Their performance was better than that of the equity market in general, with Asian and European stocks outperforming North American companies. The stock market capitalization of American sporting goods firms, which dominate the publicly quoted industry, registered a combined 14.1 percent increase in 2005. However, European stocks grew by a stronger 37.3 percent in local currencies, while the 17 Asian stocks tracked by us soared by 53.0 percent.

Evidently, macroeconomic factors weighted heavily on the fortunes of many sports goods companies. While the DJ Industrial Average dropped by 0.61 percent last year, the European DJ Stoxx 600 index increased by 23.51 percent, with the Frankfurt Stock Exchange up by 27.3 percent. In Tokyo, the Nikkei index ended the year 40.2 percent higher.

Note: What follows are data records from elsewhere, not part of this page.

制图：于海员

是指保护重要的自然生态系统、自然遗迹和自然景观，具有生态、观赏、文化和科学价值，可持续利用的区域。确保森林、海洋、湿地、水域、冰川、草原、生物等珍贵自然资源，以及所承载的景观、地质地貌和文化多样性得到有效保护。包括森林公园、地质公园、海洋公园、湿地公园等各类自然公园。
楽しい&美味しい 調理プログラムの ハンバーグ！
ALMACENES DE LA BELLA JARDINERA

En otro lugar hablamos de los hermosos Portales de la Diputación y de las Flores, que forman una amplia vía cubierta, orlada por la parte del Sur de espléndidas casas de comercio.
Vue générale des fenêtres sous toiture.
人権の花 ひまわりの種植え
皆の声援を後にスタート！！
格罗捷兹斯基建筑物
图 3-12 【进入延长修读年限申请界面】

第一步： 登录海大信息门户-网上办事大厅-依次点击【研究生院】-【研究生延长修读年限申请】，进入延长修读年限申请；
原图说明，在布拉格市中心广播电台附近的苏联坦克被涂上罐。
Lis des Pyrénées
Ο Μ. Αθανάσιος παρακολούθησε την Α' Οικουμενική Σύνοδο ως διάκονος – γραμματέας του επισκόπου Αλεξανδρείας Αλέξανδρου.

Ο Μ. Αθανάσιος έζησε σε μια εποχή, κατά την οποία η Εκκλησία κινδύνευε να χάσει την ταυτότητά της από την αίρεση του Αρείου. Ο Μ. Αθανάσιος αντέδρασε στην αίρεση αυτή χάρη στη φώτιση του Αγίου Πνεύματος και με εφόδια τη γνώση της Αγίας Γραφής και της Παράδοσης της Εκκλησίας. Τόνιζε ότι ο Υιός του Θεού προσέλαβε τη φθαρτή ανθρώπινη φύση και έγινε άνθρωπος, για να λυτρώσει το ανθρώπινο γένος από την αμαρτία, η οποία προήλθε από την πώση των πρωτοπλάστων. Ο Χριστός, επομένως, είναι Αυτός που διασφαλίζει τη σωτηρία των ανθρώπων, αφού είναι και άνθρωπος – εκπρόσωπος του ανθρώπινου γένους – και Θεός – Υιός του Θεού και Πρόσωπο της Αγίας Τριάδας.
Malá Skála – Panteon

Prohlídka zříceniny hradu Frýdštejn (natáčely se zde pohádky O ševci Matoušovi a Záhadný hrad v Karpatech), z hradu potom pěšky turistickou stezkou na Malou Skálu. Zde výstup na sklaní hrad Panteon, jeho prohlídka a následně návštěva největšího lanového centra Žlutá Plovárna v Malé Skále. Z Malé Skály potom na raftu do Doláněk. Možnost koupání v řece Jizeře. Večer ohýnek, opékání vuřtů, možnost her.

Thanks in part of higher oil and gas prices, the Russian stock market in Moscow rose by 80 percent.

Our annual study compares the stock prices of nearly 100 publicly held stocks trading on U.S., European, Asian and Canadian stock exchanges. Prices were compared between Dec. 30, 2004 and Dec. 29 or 30, 2005, and multiplied by the number of fully diluted shares outstanding at the end of each year, using the most recently reported figures. Comparisons were made in local currencies to minimize the impact of currency swings, as the U.S. dollar increased by 14.38 percent against the euro and by 13.31 percent against the yen during the year. Five American initial public offerings were also included, using the start-up price and the Dec. 29 price.

Nike continued to lead the list of the world’s biggest sporting goods companies in terms of market capitalization at the end of 2005 (see pages 2-3), although its market value declined by 6.6 percent to $23.05 billion. It was followed by Fortune Brands, parent company of Titleist and other golf brands. Adidas-Salomon came in third with a market capitalization of $9.66 billion, scoring 49.8 percent better than at the end of 2004. Its stock market value continued to increase after the year-end, reaching an all-time high of €168 last week, before settling down at €167.27 this morning.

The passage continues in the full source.